Health monitoring will regularly check the corresponding database system tables based on different detection items to check whether the operating status of the query meets business expectations. Once it is found that the expected status does not meet, we will immediately send a notification. The notification can be viewed in the graphic interface. If you think it is inconvenient to always view the page, you can also choose to receive alarm information more timely by email notification.
Enter the IP of the machine where MatrixGate is located (the IP of Master by default) and port number in the browser to log in to the graphic interface.
http://<IP>:8240
After successfully logging in, enter the Health Monitoring page.
You can choose whether to configure your email account as needed. Once the email account is configured, you will receive email notifications.
Graphical Interface Domain Name
To facilitate timely access to detailed information about alert events, we will include a link in the email that redirects to the graphical interface. If the email recipient cannot access the default domain name, they must modify the content of this field.
SMTP Server Address
The SMTP server address consists of an IP address and a port number. Example: smtp.example.com:465.

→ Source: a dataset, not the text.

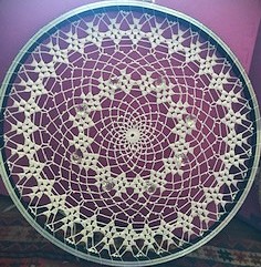 On her many visits to second hand shops, Maureen noticed that doilies, which used to be a treasured part of our grandmothers’ homes, were now in bags selling for just a few cents. “These doilies took an incredible amount of time and skill to make. Many of them are incredible beautiful and so I have tried to repurpose them, honouring the work of our grandmothers. I string them on hoops to make mandalas to hang in windows, and some of them I use as collage in my paintings,” says Maureen.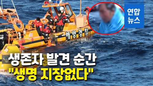 구조대원들은 "입수자 발견"이라고 외치며 망망대해에 주황색 구명조끼를 입고 표류하던 A씨를 물 밖으로 끌어내 보트에 태웠습니다.

Common third-party email servers
Notes!
If the email service is set up by the enterprise itself, consult the email administrator or email service provider.
Username
The account used for authentication on the SMTP server. This field is optional and only required when the SMTP server requires a username for authentication. Example: [email protected].
Password
The password for the SMTP username. This field is optional and only required when the SMTP server requires both a username and password for authentication.
Notes!
If the email service is set up by the company itself, please consult the email administrator or email service provider.
Sender
If using a third-party email service, this field should be consistent with the “username” content;
if using a self-built email service, just fill in the sender's email address.
Recipient
Enter the recipient's email address; multiple addresses can be entered.
The list below shows the monitoring items currently provided by YMatrix, which are enabled by default. You can enable them as needed.
If you believe the default parameters for the monitoring items do not align with your business scenario, you can modify them accordingly.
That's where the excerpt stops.